Step 1: Dry Run (Required)

Always run dry-run first to preview changes.

# Dry run against a specific finding set
curl -s -X POST https://api.aegis.io/api/v1/remediations \
-H "Authorization: Bearer $API_TOKEN" \
-H "Content-Type: application/json" \
-d '{
"finding_ids": ["f-abc123", "f-def456"],
"dry_run": true,
"executor_tier": "T1"
}' | jq '{batch_id, actions_preview, estimated_duration_s}'

# Or via CLI
./aegis remediate --finding-ids f-abc123,f-def456 --dry-run

Review the actions_preview list. Confirm each action is expected before proceeding.

Step 2: Execute Batch

# Execute with the batch_id from dry run
curl -s -X POST https://api.aegis.io/api/v1/remediations \
-H "Authorization: Bearer $API_TOKEN" \
-H "Content-Type: application/json" \
-d '{
"batch_id": "batch-20260226-001",
"finding_ids": ["f-abc123", "f-def456"],
"dry_run": false,
"executor_tier": "T1"
}' | jq '{batch_id, status, started_at}'

Step 3: Monitor Progress

# Poll batch status
watch -n 10 'curl -sf https://api.aegis.io/api/v1/remediations/batch-20260226-001 | \
jq "{status, completed, failed, pending, elapsed_s}"'

# Stream dispatcher logs
kubectl logs -n aegis -l app=aegis-remediation -f | \
grep "batch-20260226-001"

Monitoring Active Remediations

Prometheus Metrics

# Active remediation count by tier
aegis_remediations_active by (tier)

# Success rate over 1h
rate(aegis_remediations_total{status="success"}[1h])
/ rate(aegis_remediations_total[1h])

# Avg duration by handler type
histogram_quantile(0.95, rate(aegis_remediation_duration_seconds_bucket[1h])) by (handler)

# Error rate
rate(aegis_remediations_total{status="failed"}[5m])

Log-Based Monitoring

# All remediation errors in the last hour
kubectl logs -n aegis -l app=aegis-remediation \
--since=1h | grep '"level":"error"' | jq '{handler, finding_id, error}'

# Successful remediations
kubectl logs -n aegis -l app=aegis-remediation \
--since=1h | grep '"status":"success"' | \
jq -r '[.handler, .finding_id, .resource_id] | @tsv'

Per-Handler Operations

Network: BlockPublicSSH

Blocks inbound SSH (22) and RDP (3389) from 0.0.0.0/0 and ::/0.

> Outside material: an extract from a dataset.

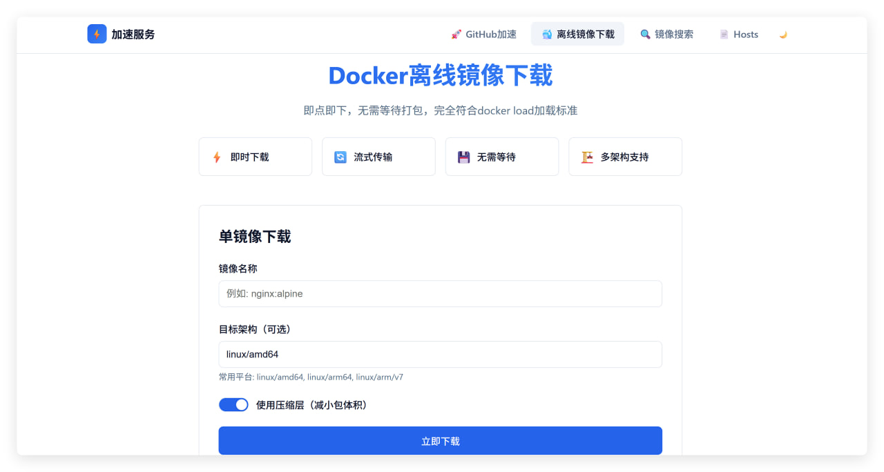 • 🐳 离线镜像包 - 支持下载离线镜像包,流式传输加防抖设计。

# Trigger manually for a specific security group
curl -s -X POST https://api.aegis.io/api/v1/remediations/handlers/block-public-ssh \
-H "Authorization: Bearer $API_TOKEN" \
-d '{"resource_id": "sg-0abc123def456789", "provider": "aws", "dry_run": true}'

# Direct AWS CLI equivalent (for verification)
aws ec2 revoke-security-group-ingress \
--group-id sg-0abc123def456789 \
--protocol tcp \
--port 22 \
--cidr 0.0.0.0/0

# Verify rule removed
aws ec2 describe-security-groups \
--group-ids sg-0abc123def456789 \
--query 'SecurityGroups[0].IpPermissions[?FromPort==`22`]'

Storage: S3 Public Access Blocking

# Trigger for a specific S3 bucket
curl -s -X POST https://api.aegis.io/api/v1/remediations/handlers/s3-block-public-access \
-H "Authorization: Bearer $API_TOKEN" \
-d '{"resource_id": "my-bucket", "provider": "aws", "dry_run": true}'

# Direct AWS CLI equivalent
aws s3api put-public-access-block \
--bucket my-bucket \
--public-access-block-configuration \
"BlockPublicAcls=true,IgnorePublicAcls=true,BlockPublicPolicy=true,RestrictPublicBuckets=true"

# Verify
aws s3api get-public-access-block --bucket my-bucket

Compute: IMDSv2 Enforcement

# Trigger for a specific EC2 instance
curl -s -X POST https://api.aegis.io/api/v1/remediations/handlers/enforce-imdsv2 \
-H "Authorization: Bearer $API_TOKEN" \
-d '{"resource_id": "i-0abc123def456789", "provider": "aws", "dry_run": true}'

# Direct AWS CLI equivalent
aws ec2 modify-instance-metadata-options \
--instance-id i-0abc123def456789 \
--http-tokens required \
--http-endpoint enabled

# Verify
aws ec2 describe-instances \
--instance-ids i-0abc123def456789 \
--query 'Reservations[0].Instances[0].MetadataOptions'

Identity: IAM Key Rotation

Deactivates keys older than the configured threshold (default: 90 days).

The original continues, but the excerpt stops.